What to do:
The answer must be the lines from the one that holds "Mini LED电视,98T7H拔得头筹,98Q10H和98Q10G Pro分列二三位。" through the final line of the data, copied exactly, with no pictures.

Information provided:
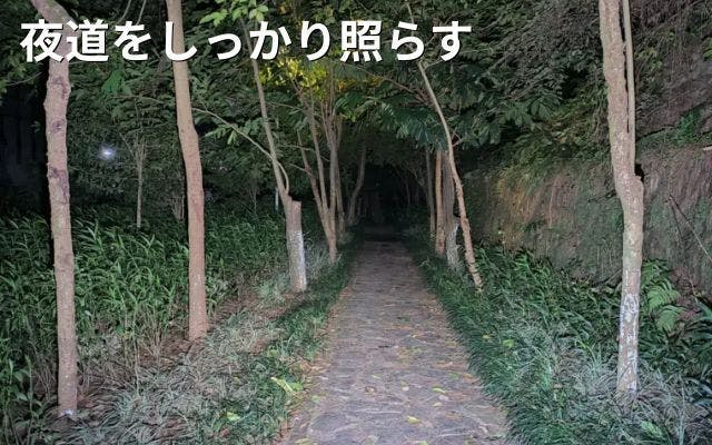 夜道や暗い場所でも、しっかり前方を確認できる明るさです。
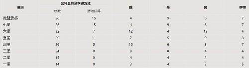 4个派系,均为三国时期风云人物,主公耳熟能详。根据星级分布如下:
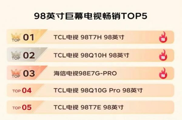 在消费者“买大不买小”的消费理念下,电视市场“越大越好卖”的趋势早已形成。而Mini LED显示的画质优势在大屏电视上可得到更淋漓尽致的释放,这直接助力TCL在多个大屏以及超大屏榜单上独占鳌头。比如98英寸电视畅销榜前三全为TCL Mini LED电视,98T7H拔得头筹,98Q10H和98Q10G Pro分列二三位。
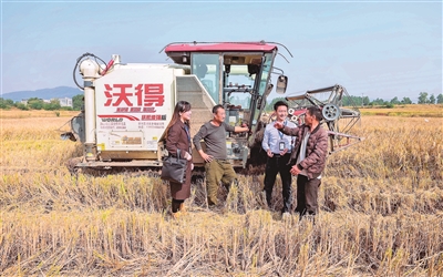 糧食安全是“國之大者”。安徽省含山縣紀(jì)委監(jiān)委聚焦高標(biāo)準(zhǔn)農(nóng)田建設(shè)管理中的突出問題開展一線走訪,推動“糧田”變“良田”。圖為該縣紀(jì)檢監(jiān)察干部在環(huán)峰鎮(zhèn)城北村水稻收割現(xiàn)場了解相關(guān)情況。歐宗濤 攝

Problem solution:
 在消费者“买大不买小”的消费理念下,电视市场“越大越好卖”的趋势早已形成。而Mini LED显示的画质优势在大屏电视上可得到更淋漓尽致的释放,这直接助力TCL在多个大屏以及超大屏榜单上独占鳌头。比如98英寸电视畅销榜前三全为TCL Mini LED电视,98T7H拔得头筹,98Q10H和98Q10G Pro分列二三位。
 糧食安全是“國之大者”。安徽省含山縣紀(jì)委監(jiān)委聚焦高標(biāo)準(zhǔn)農(nóng)田建設(shè)管理中的突出問題開展一線走訪,推動“糧田”變“良田”。圖為該縣紀(jì)檢監(jiān)察干部在環(huán)峰鎮(zhèn)城北村水稻收割現(xiàn)場了解相關(guān)情況。歐宗濤 攝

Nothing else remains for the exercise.